El que realmente se mete en faena es Alexander Mackendrick en Viento en las velas. Mackendrick es, en los 40 y 50 del siglo XX, el director estrella de los estudios londinenses Ealing, a los que aporta algunas de sus mejores películas: Whisky a go-go, El hombre del traje blanco, o El quinteto de la muerte. Mackendrick abandona esa visión tácita según la cual los niños son seres angelicales, aún no corrompidos por la civilización. Para él son inocentes en el sentido de que aún no se enteran cabalmente de la realidad, pero es precisamente la civilización la que los va amaestrando. En realidad, si los juzgamos con los parámetros adultos, los niños pueden llegar a ser bastante cabrones. No es la civilización la que corrompe al buen salvaje, sino la que lo convierte en persona.


En Viento en las velas, los protagonistas son los hijos de una pareja de ingleses afincados en Jamaica. Los niños viven como salvajes, y los padres deciden que ha llegado el momento de enviarlos a Inglaterra (la civilización) para que sean convenientemente adiestrados. Pero por el camino son involuntariamente secuestrados por un grupo de piratas dirigidos por Chávez (Anthony Quinn) y su segundo Zac (James Coburn). Piratas y niños interactuarán de forma deficiente. Los niños no se enteran de nada. Y los piratas son adultos, pero extraordinariamente supersticiosos. Éstos no sólo no se enteran de que los niños no se enteran, sino que atribuyen a sus juegos una sabiduría oculta, llena de funestos presagios y malos augurios -obsérvese, por cierto, que el que ha diseñado el cartel de la película, que parece el de un vodevil, tampoco se ha enterado de nada-. Chávez, por su parte, se sentirá atraído por Emily, la niña mayor de los ingleses, pero afortunadamente se contendrá. Chávez es pirata, pero tiene restricciones morales. No así los niños.

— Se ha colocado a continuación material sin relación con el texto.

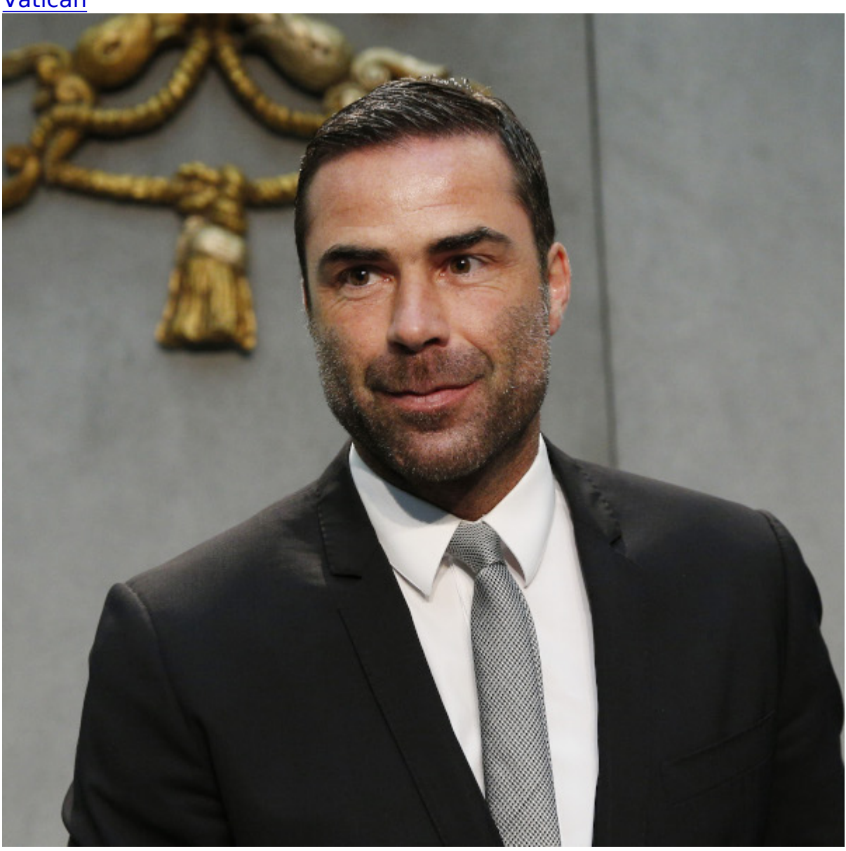
Rene Brulhart at a Vatican briefing in 2016.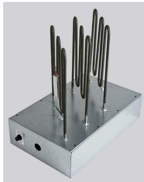
Fig 3 – Typical Heater Battery and Control Panel

BWF's drawing as per reference number in title page will show the location and type of any heater battery fitted.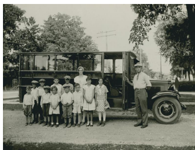
School bus, Ranke School, 1931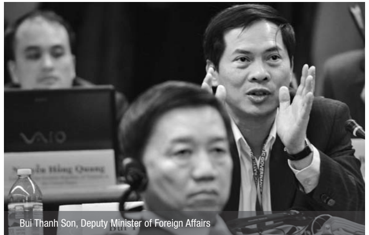
Bui Thanh Son, Deputy Minister of Foreign Affairs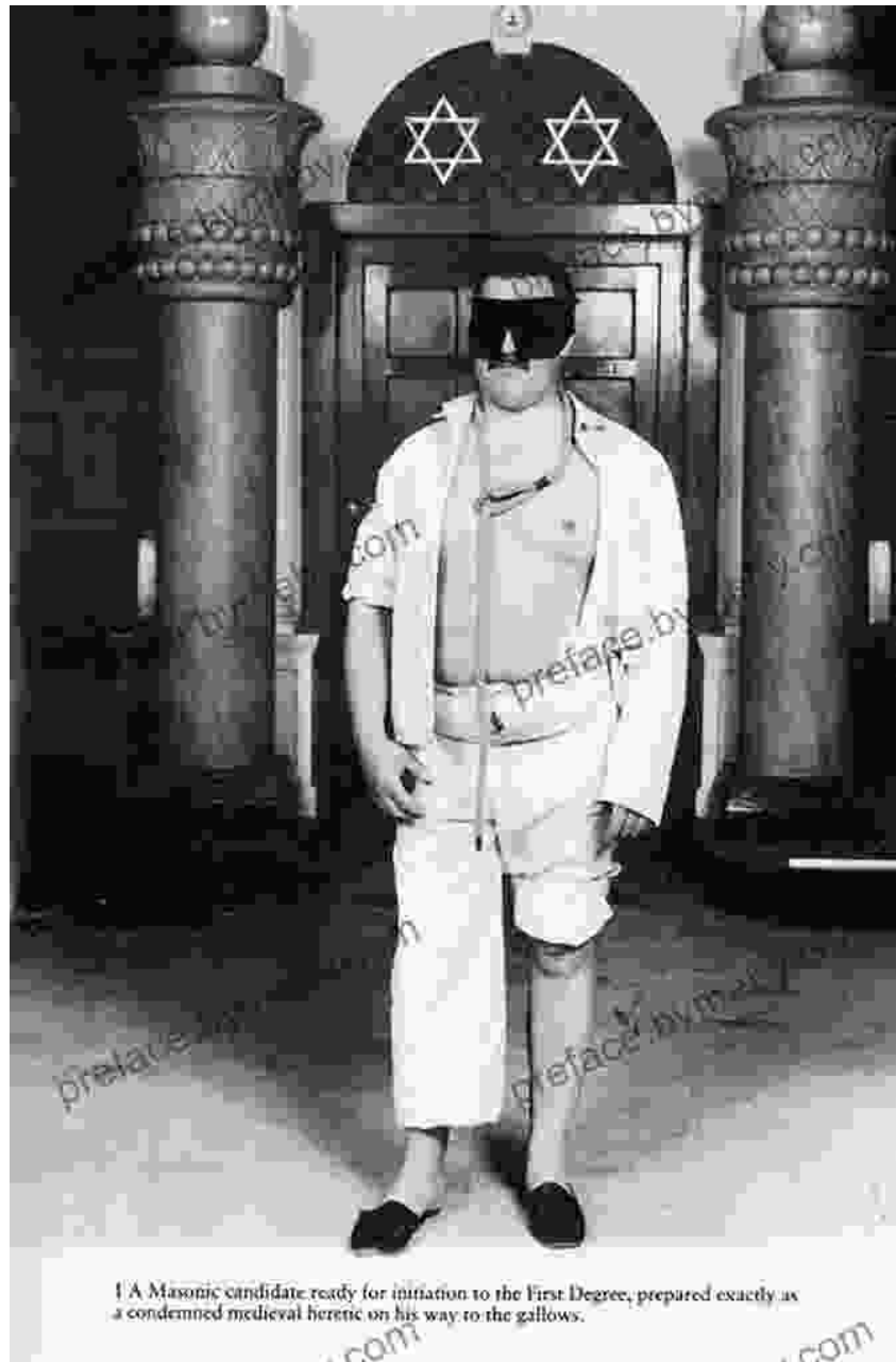
! A Masonic candidate ready for initiation to the First Degree, prepared exactly as a condemned medieval heretic on his way to the gallows.

Freemasonry, an ancient and enigmatic brotherhood, has captivated the imaginations of seekers of wisdom and enlightenment for centuries. At its core, Freemasonry is a journey of self-discovery, inviting its initiates to unravel the mysteries of the universe and unlock their true potential. In "The Masonic Initiate's Guide to Light," renowned Masonic scholar and

¡Ojo! A partir de aquí esta entrada se convierte en un spoiler -que en cristiano quiere decir que les voy a destripar la película-, así que, si no la han visto, no sigan leyendo. Los piratas tratan bien a los niños, pero Emily acaba matando a un capitán holandés que ha sido hecho prisionero por los piratas. Capturados y juzgados por los ingleses, la niña descarga su responsabilidad en Chávez, lo que llevará a toda la tripulación a la horca. El capitán pirata, que no contradice el testimonio de Emily, se lo toma con filosofía:

– Bueno, tenían que ahorcar a alguien.
– Pero yo no quiero morir siendo inocente (protesta Zac).
– Bueno Zac, pero de algo serás culpable (y se ríe).

El final de la película presenta a los niños jugando alegremente en un parque, en la más convencional de las visiones idealizadas de la infancia. Una imagen por cuya preservación ha aceptado morir Chávez. La niña se interrumpe para contemplar una goleta de juguete en un estanque cercano. Es evidente que está pensando en el barco en el que ha pasado las últimas semanas. Y cabe sospechar, también, que no distingue bien los límites entre el juguete contemplado y la realidad vivida. Por su parte, los piratas que se encaminan a la horca por la acción de la niña, los distinguen perfectamente.

James Coburn está especialmente desgarbado en esta película, pero Anthony Quinn está genial. Les recomiendo que la vean en v.o. subtitulada, porque la tripulación pirata es hispanoparlante, y Quinn –obviamente- habla español estupendamente.